能動的想像法
心理学の世界では、無意識的な心的内容を扱う方法として、フロイト派による自由連想法が有名ですが、ユング派では、夢分析とともに能動的想像が有効なアプローチとして活用されています。ホロニカル・アプローチでは、Jung、C.Gにはじまり、Spiegelman、J.M.&河合隼雄、老松克博等のユング派の能動的想像の研究に多く示唆を得ています。
能動的想像を求める場合、面接時のクライエントを映画監督に仕立てることがあります(映画監督法)。また、イメージや夢の続きばかりでなく、ある心的イメージや夢のある時点から、過去に遡り、修正された物語を創作すること(巻き戻し法)を求める場合もあります。
能動的想像でも、ホロニカル・アプローチで使われる各技法が自由に組み合わされます。
-能動的想像法(映画監督法と悪夢の場面再現法の組み合わせ-
何度も執拗に繰り返される悪夢の中の場面や登場人物を小物を使って外在化します。
その上で、
<もし夢の続きを映画監督になって、どのようにでも新しい展開をつくりだすことができるとしたら、どのような映画をつくりあげますか?>と求めます。
悪夢が反復しているような場合、悪循環パターンから抜け出せないような人生脚本が無意識的な自動思考として、脳に深く刷り込まれてしまっています。
そのため、通常の状態では、なかなか新しい生き方の人生脚本を自力では作りだせないものです。ナラティブ・セラピーでは、「ドミナント・ストーリー」と呼ばれています。
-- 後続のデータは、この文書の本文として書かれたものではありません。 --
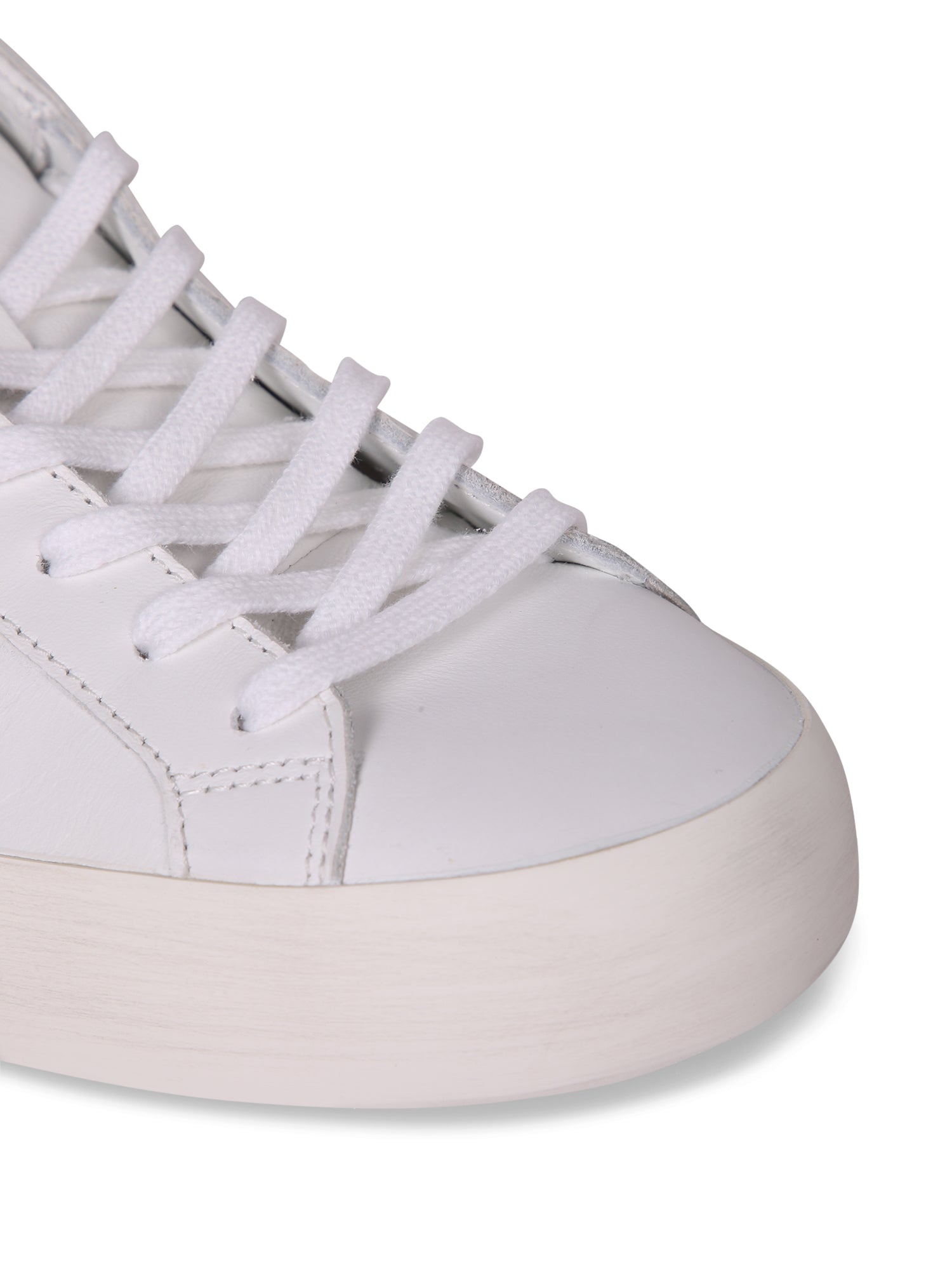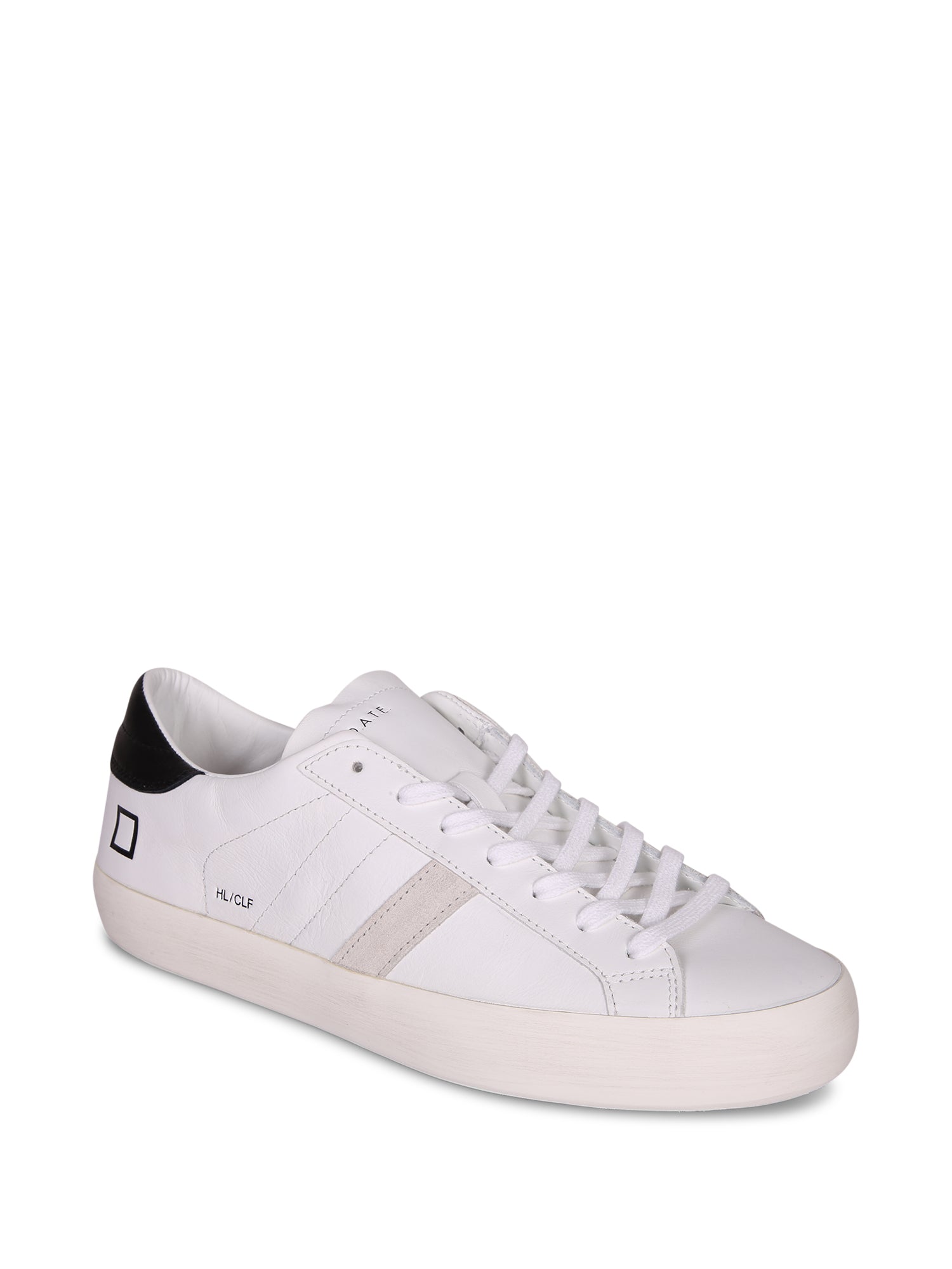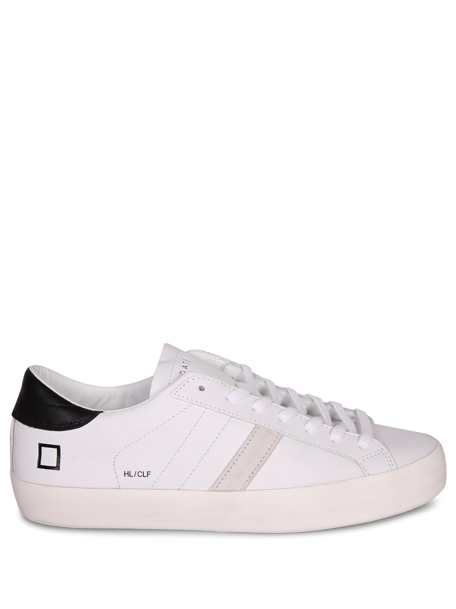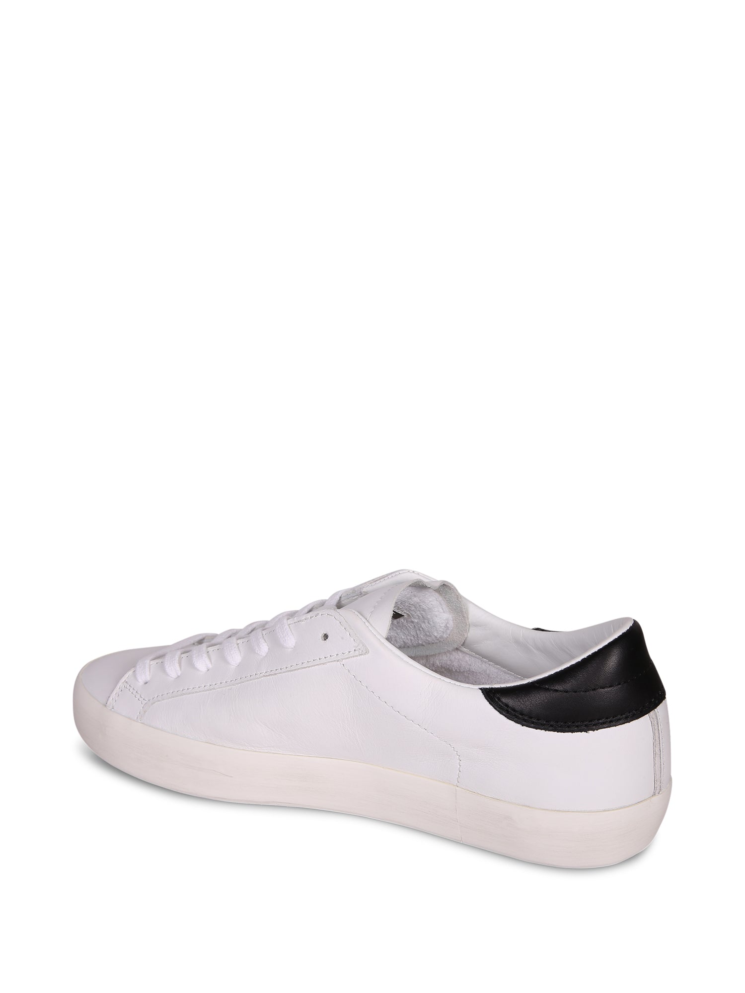 Low-top leather sneakers in white with black accents. Round toe, lace-up closure.

しかし、夢の続きの能動的想像という劇場的な時空間と、カウンセラーのサポートを得ることで、日頃の呪縛的シナリオから脱却することができます。ナラティブ・セラピーでは、「オルタナティブ・ストーリー」と呼ばれています。
反復夢から抜け出すことができると、実際の現実の生活でも、新しい人生の歩み方へと地殻変動的変化の契機となります。